O mestre Eduardo Galeano dizia que o golo é o orgasmo do futebol e que, como o orgasmo, é cada vez menos frequente na vida moderna. Não é difícil imaginar, pois, a surpresa que terá sentido ao ver o prazer com que Aboubakar marcou e celebrou no Bessa.

Um improvável momento de hedonismo num dérbi onde reinaram o caos e o belicismo.

Marega, já mais tarde na refrega, ampliou a contabilidade de lápis atrás na orelha e bico da chuteira na bola. Mas, em nenhum campo do mundo, o segundo golo do FC Porto pode entrar na categoria de «animal belo e em vias de extinção». Com Marega, a estética é um lugar perdido.

O terceiro golo apareceu na última curva, com Brahimi ao volante. O argelino, artista-mor dos azuis e brancos, beneficiou de uma rara fuga em liberdade para se isolar e perguntar a Vagner para que lado queria o golo.


FICHA DE JOGO E O DÉRBI VISTO AO MINUTO

Uma diferença exagerada no marcador e que penaliza a quebra acentuada do Boavista após as substituições feitas. O FC Porto cresceu, cresceu, cresceu, até acabar o dérbi mandão como nunca havia sido até aos 60/65 minutos. A introdução de mais um médio (André André por Corona) não será estranha a isto.
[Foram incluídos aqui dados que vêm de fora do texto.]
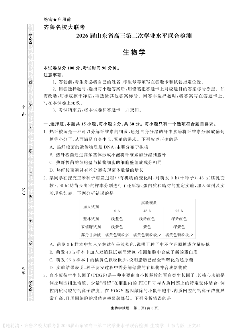 山东省齐鲁名校大联考2026届高三第二次学业水平联合检测 生物.pdf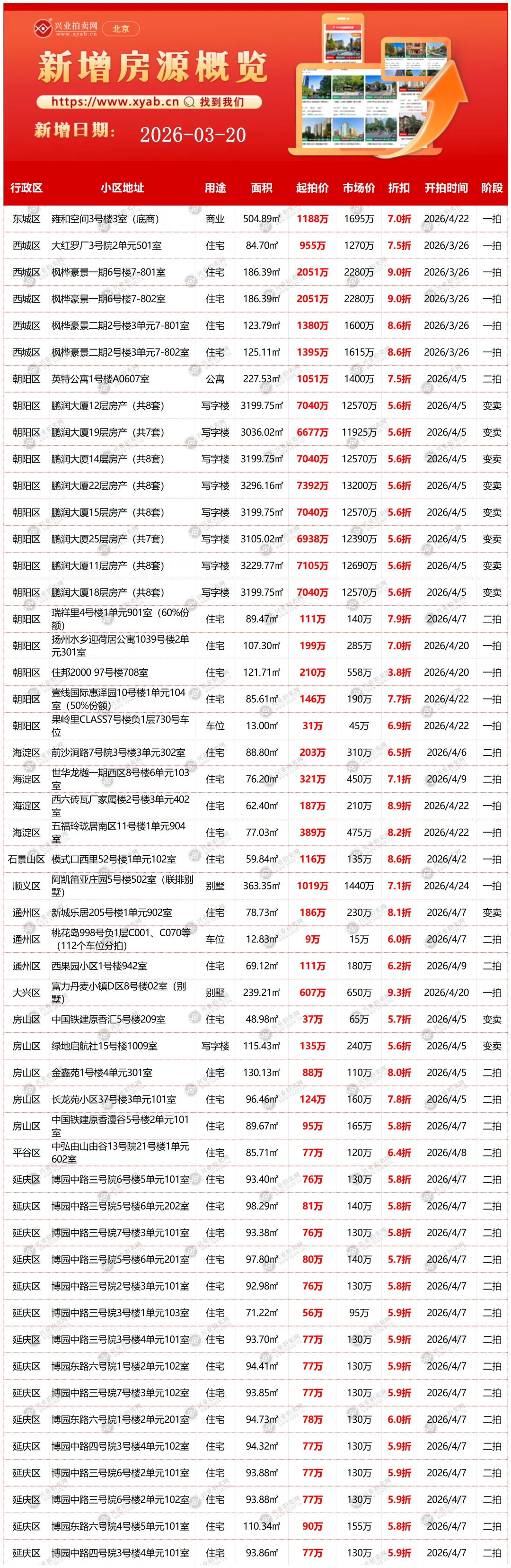 北京拍卖房产昨日新增详情

Foi, então, um FC Porto de unhas cravadas na presa e a morder os lábios aquele que triunfou na casa do vizinho Boavista. Um triunfo suadíssimo, que fique bem claro, e que pediu aos dragões a invocação do espírito de guerreiro imaculado.  

O diabólico plano arquitetado por Jorge Simão deu, aliás, frutos durante boa parte do confronto: peito às balas na primeira linha de pressão, intensidade máxima nos duelos individuais e, na posse de bola, procurar a irreverência malandra do estreante Yusupha Njie, uma bela surpresa.  
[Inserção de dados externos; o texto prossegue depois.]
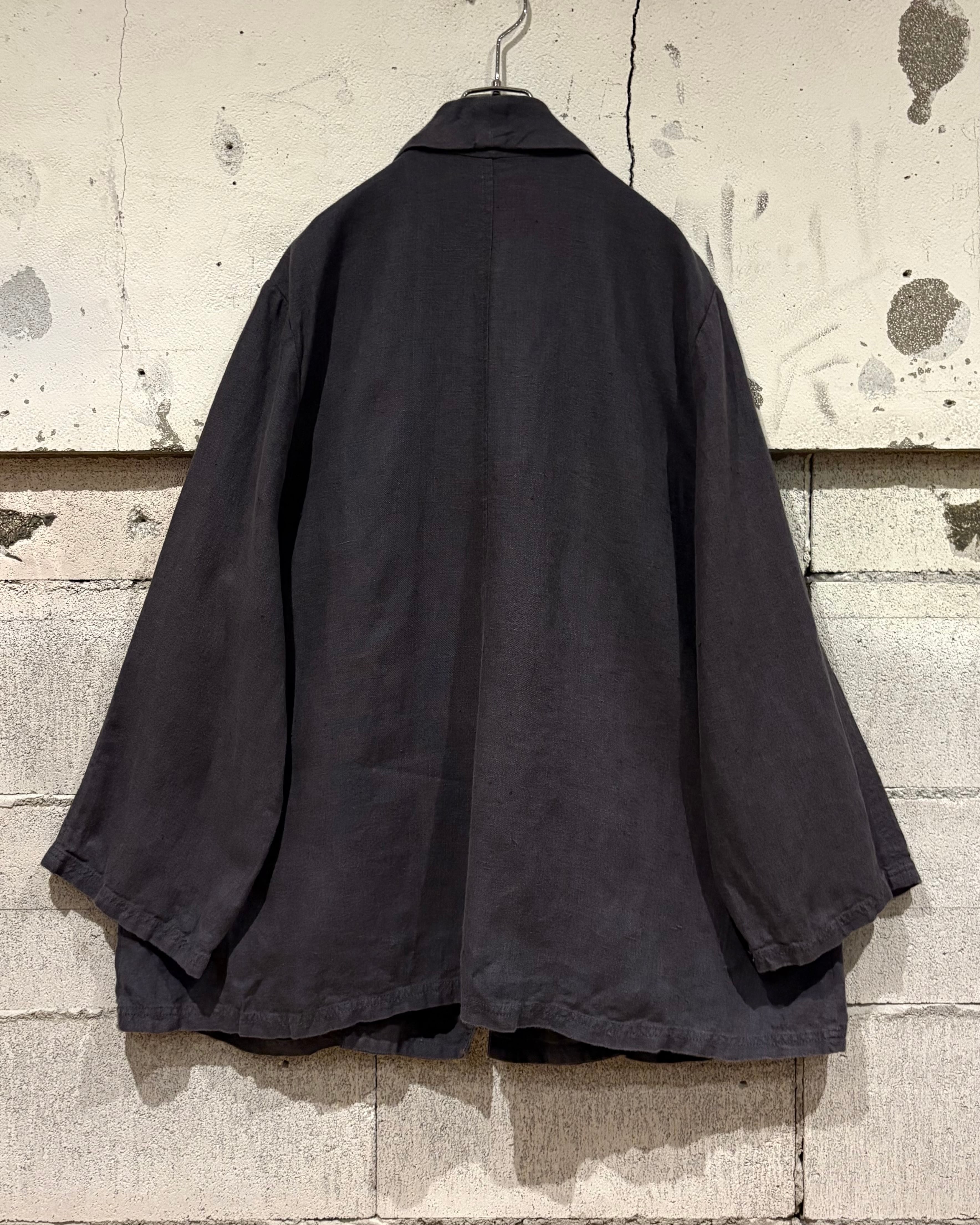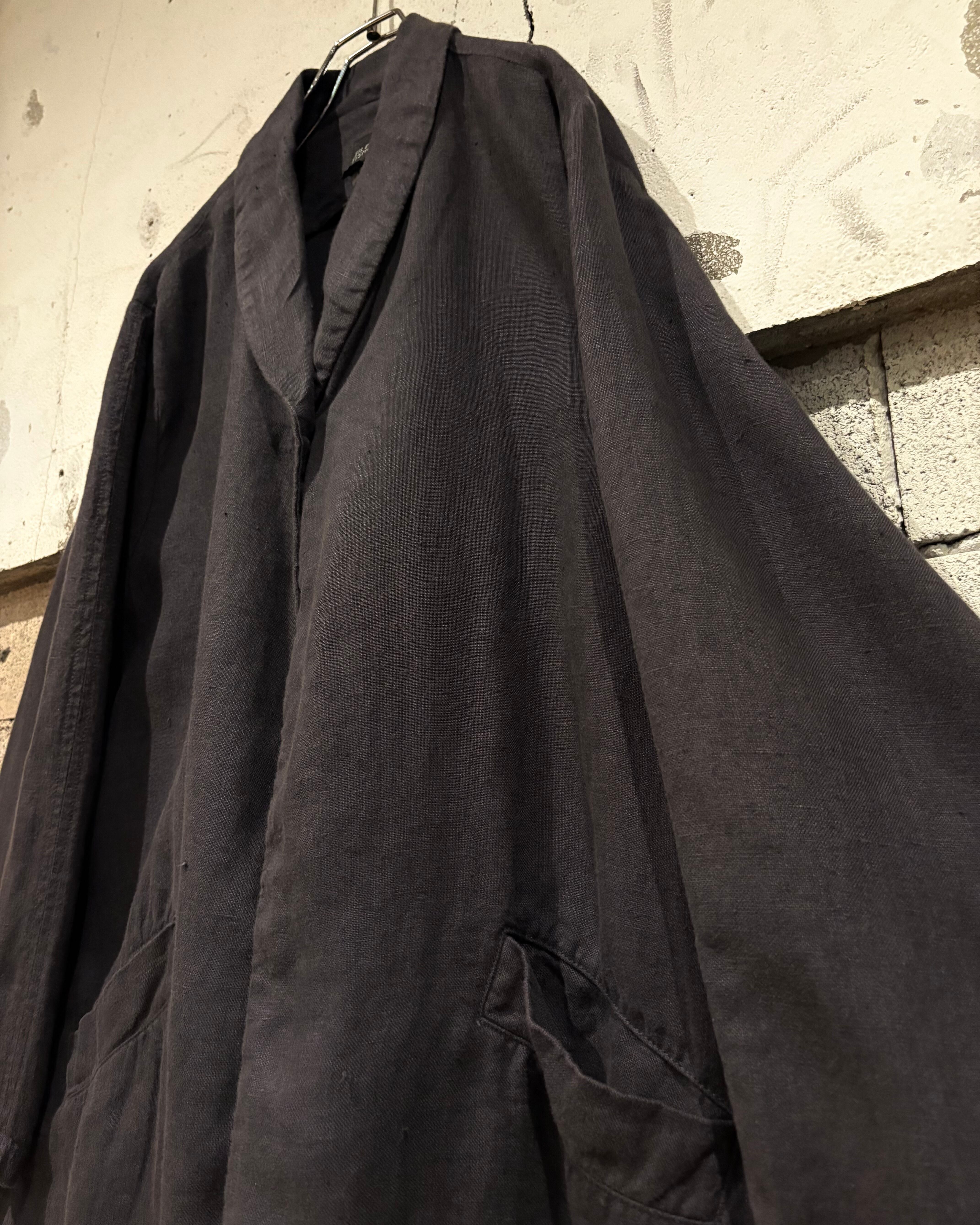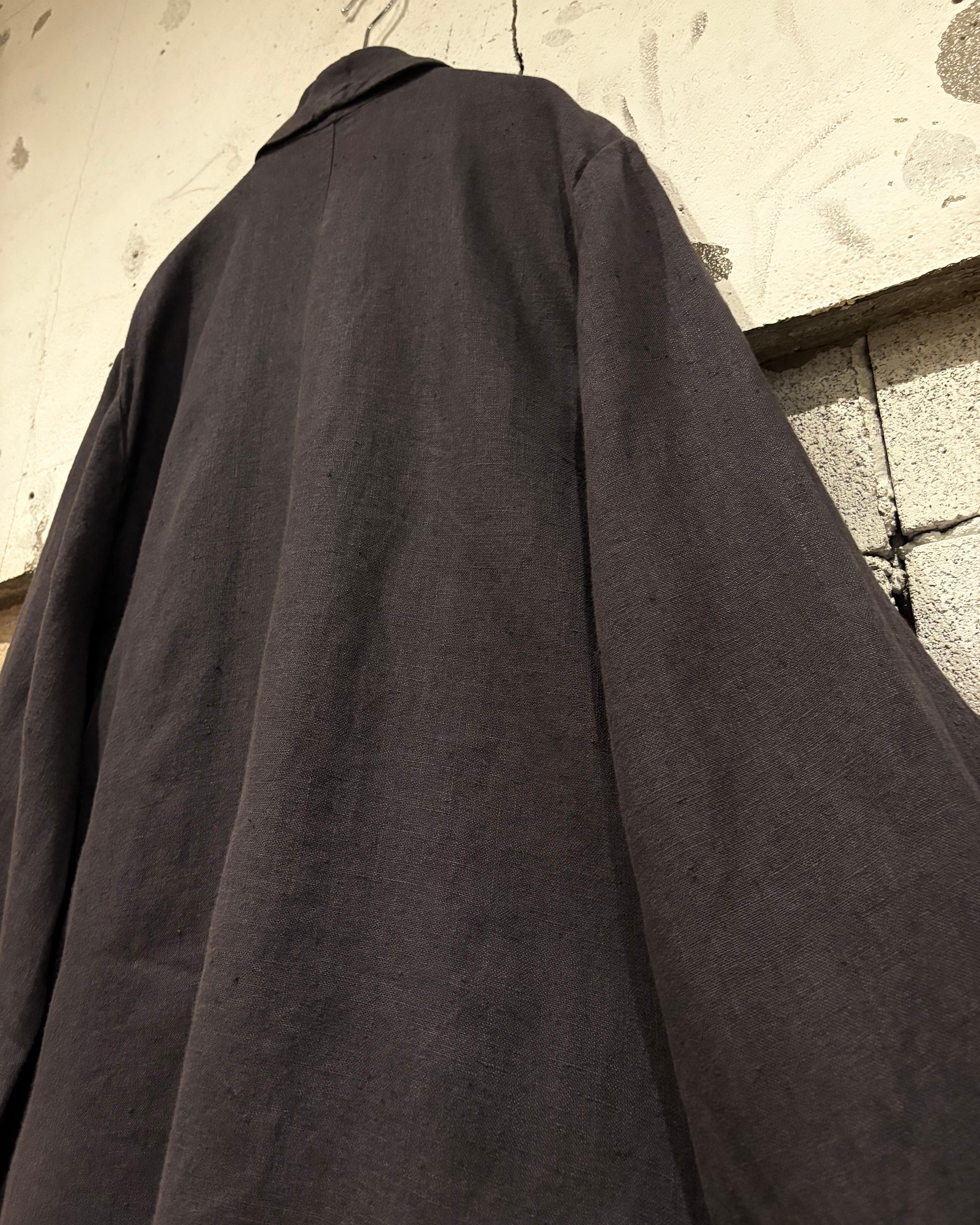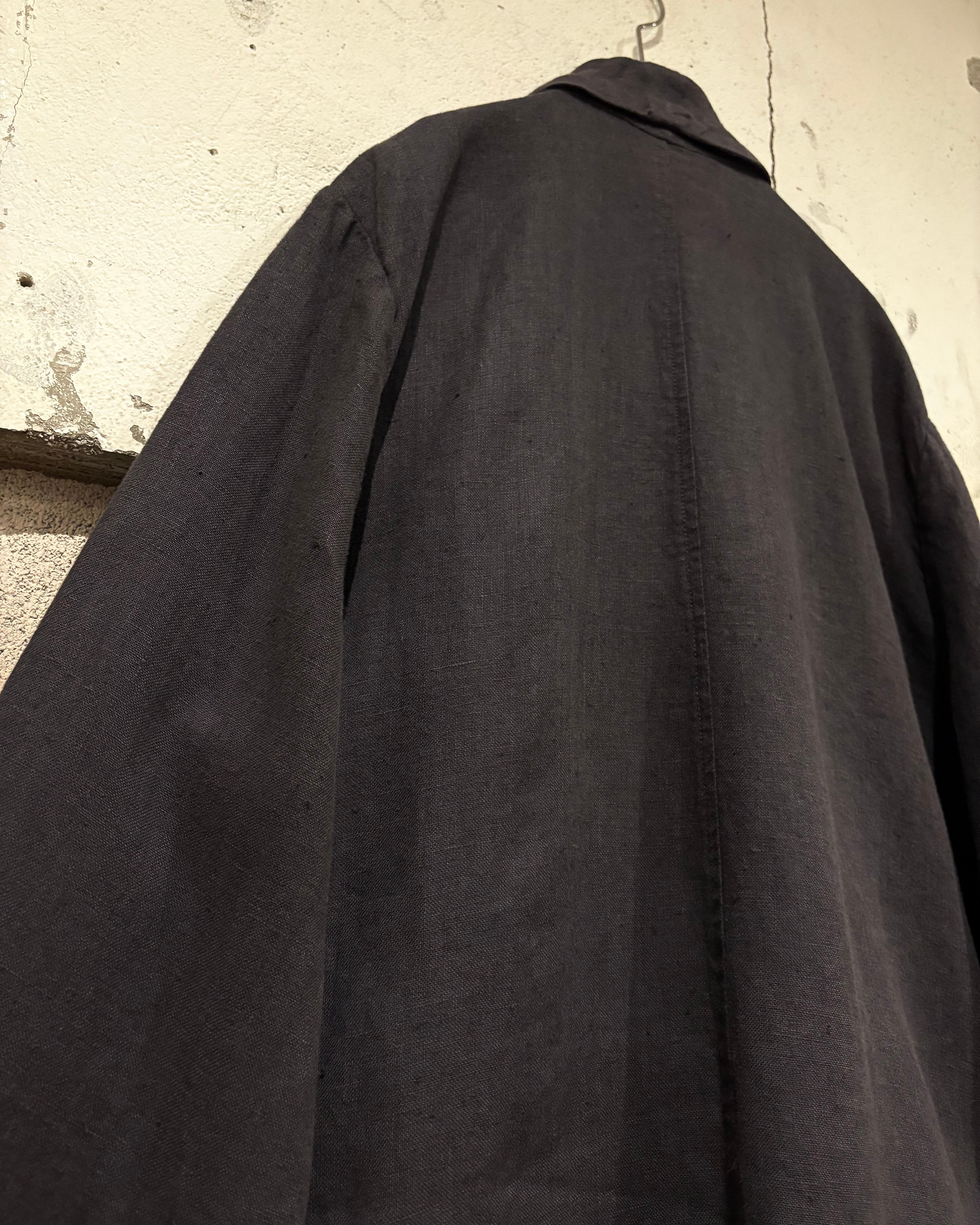 襟はショールカラー、トップボタンはくるみボタン、フロントはアイテムの雰囲気を引き立てる比翼仕立てでミニマルなデザイン。シンプルが故に素材の雰囲気が最大限に引き出されています。

Nesse molho picante derramado sobre a relva do Bessa, o Boavista esteve confortável, muito confortável, até ao intervalo. Pernas estendidas sobre a toalha, óculos escuros e copo de brandy na mão, a saborear o cocktail ao mesmo tempo que o conflito se desenrolava e penalizava a natural ambição do FC Porto.

DESTAQUES DO JOGO: Brahimi, arte no meio do caos

Do que os axadrezados não suspeitavam, e mal, é que este dragão de Conceição nada tem de pacífico e muito menos de bom rapaz. Reagiu mal ao aperto do Boavista na primeira parte, sim senhor, mas na segunda oportunidade que teve para marcar – Corona falhou a primeira, em cima do intervalo -, Brahimi tocou de primeira um cruzamento de Tecatito e Aboubakar empurrou para o fundo da baliza a bola e para a liderança da Liga a equipa.

Aí sim, o Boavista percebeu que o vizinho da Invicta não tem bom feitio. Não vale a pena bater-lhe à porta e pedir-lhe um bocado de sal. O FC Porto, o novo FC Porto, gosta de combate e de problemas. E quando os resolve, como quase sempre tem sucedido, é uma alma feliz.

Exemplo desta absoluta devoção? Aos 58 minutos, o ponta-de-lança Aboubakar fez um pique da frente para trás, correndo todo o campo em perseguição a Kuca e impediu o cabo-verdiano de fazer o cruzamento. Comovente, caro Vincent.

Se Eduardo Galeano, o homem que corria os palcos do mundo da bola atrás de uma jogada bonita, fosse vivo e tivesse estado no Bessa, é provável que reformulasse a sua definição de orgasmo. O prazer vai além do golo, o prazer mora no clímax do triunfo.